Would you believe that the same day, as I walked through the Terlingua graveyard, wiping dust from the markers as I tried to make out weather-worn carvings, I was reading Scot McKnight and Laura Barringer’s A Church Called TOV: Forming a Goodness Culture That Resists Abuses of Power and Promotes Healing?  Would you also believe that the date was January 6, 2021—the day pro-Trump rioters stormed the capitol, many of them carrying Christian symbols? Well, both are true. As I stood among the dead on a day that self-proclaimed evangelicals assaulted the capitol, I heard a life-giving message that gave me hope for the evangelical future.

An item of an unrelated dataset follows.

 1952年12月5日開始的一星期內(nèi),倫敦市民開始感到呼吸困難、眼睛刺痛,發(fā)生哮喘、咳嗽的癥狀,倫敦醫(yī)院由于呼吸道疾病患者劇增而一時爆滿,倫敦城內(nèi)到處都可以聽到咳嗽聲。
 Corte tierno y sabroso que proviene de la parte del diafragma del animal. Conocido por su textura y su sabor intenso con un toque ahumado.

Now, I have to clarify two points. First, comparing Terlingua with modern evangelicalism is superficial. The point is not that evangelicalism needs to become an outdoor adventure company or sponsor a chili cook-off. The point is that Terlingua had to change to survive; evangelicalism will have to do the same. “Church culture matters,” write McKnight and Barringer in A Church Called TOV. “As we live in our culture and also into our culture, our culture begins to live in and into us. A good culture will shape us toward goodness; a toxic culture will shape us toward evil.” A church culture filled with American flags and patriotic songs will shape towards Christian nationalism; a church culture filled with a raging narcissistic and misogynist pastor will shape towards abuse and sexism; a church culture filled with white people and led only by white men will shape towards a culture that excludes and devalues people of color and women. But a church culture that nurtures empathy, justice, and service, includes women, and focuses on people over platform—as McKnight and Barringer write—can shape a culture that looks much more like Jesus.

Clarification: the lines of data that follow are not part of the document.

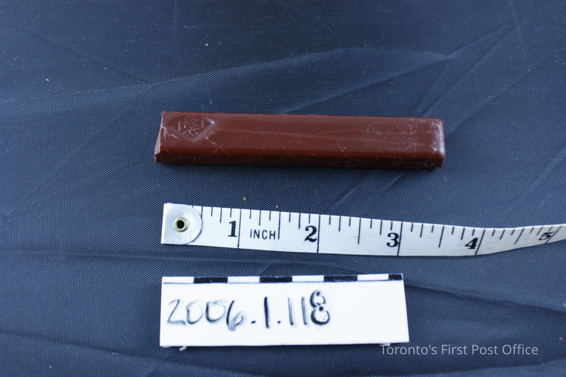 One piece sealing wax; dark red; broken off from another piece; ensignia; circa 1880.
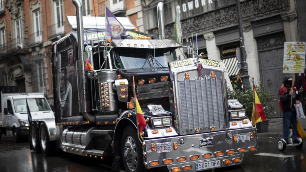 Banderas de sindicatos, banderas autonómicas pero sobre todo banderas de España. Por todos lados. Aunque lo que se ha llevado todas las atenciones ha sido un camión al más puro estilo americano bautizado como "cuervo negro".
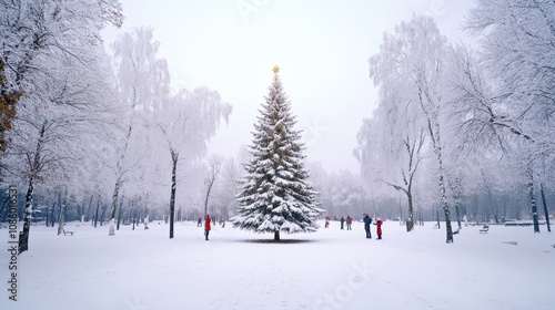 Fototapeta premium A snow-covered park with a large Christmas tree at the center, surrounded by...

As for my second point, I am less invested in the survival of evangelicalism as a movement than I am in redeeming the evangelical witness. Ed Stetzer recently told NPR, “We [as evangelicals] need to make clear who we are. And our allegiance is to King Jesus, not to what boasting political leader might come next.” I’m not interested in the current, politically-motivated evangelicalism surviving; I am interested in reviving what evangelicals are supposed to be: gospel-centered. 

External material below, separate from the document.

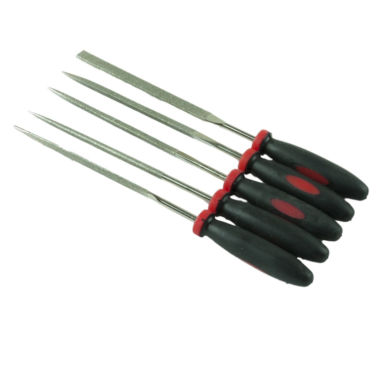 5-osainen timanttiviilasarja tarkkaan viilaamiseen. Erimuotoisten viilojen avulla viilaat ja teroitat kätevästi myös vaikean muotoisia ja pieniä kappaleita. Viilojen koko 3 x 140 x 70 mm. Muovisesta kädensijasta saa tukevan otteen. Pakkaus sisältää muodot: suorakulma, kolmio, neliö, sulka ja pyöreä.

So is there hope for evangelicalism? Maybe. But not in the reality of evangelicalism today–often more a “white religious brand” (as Kristin DuMez quoted Dierdre Riggs) than a faith movement. I think the hope lies in what we have imagined (what we have hoped) evangelicals to be: Bible-believing, Jesus-centered activists.  Terlingua literally resurrected in the graveyard of a dead mining town; maybe an evangelicalism that looks more like what we have imagined can do the same.